In a 2.16 interview with Zaki Hasan (i.e, Zaki’s Corner), The Wolfman director Joe Johnston complains about something I and Roger Ebert and others have moaned about before — the deplorable tendency of commercial exhibitors to turn down the projection-light levels, which degrades the values in the film being shown.

“Standard projection brightness is intended to be 16 foot lamberts,” Johnston says. “This is a measurement of the amount of light reflected off the screen, back into a light meter. Projection bulbs are expensive, and if the urban myth is correct, there is a near monopoly on them so the manufacturer can name their price, which I’ve heard is around $400 each.
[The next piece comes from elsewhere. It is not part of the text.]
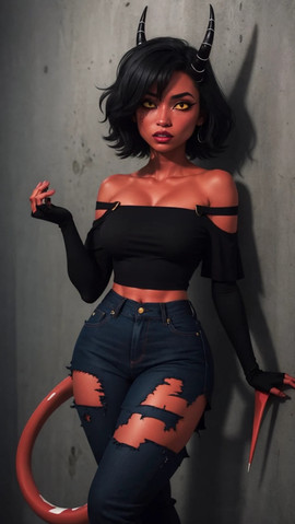 #blackhair #blackhairedgirl #darkskin #demon #demongirl #devil #devilgirl #largeboobs #largebreasts #monstergirl #orangehair #skirt #succubusgirl #darkskinnedgirl #succubusdemon

These bulbs last longer if the current surging through them is dialed down, resulting in reduced foot lamberts which of course means a darker screen and a less vibrant image.

“The exhibitors save money by needing to replace projection bulbs less often and the filmgoing public gets a less satisfactory experience. You would be shocked to see the difference in image quality between 16 and 12 foot lamberts, 12 being a common meter reading at a lot of chain theaters. Only a few of the big premier theaters even bother to ‘read the screen’ and keep the brightness where it’s supposed to be.”

I was told a few years ago that some theatres actually dial the foot-lambert levels down to 10 or lower.

“People who love movies and want their money’s worth should demand that theater chains keep the brightness levels where they should be. Exhibitors should have a choice of who they buy the bulbs from, there should be market competition to bring the price down, and someone should invent a projection bulb that will only work at 16 foot lamberts..” Excellent idea, that last one.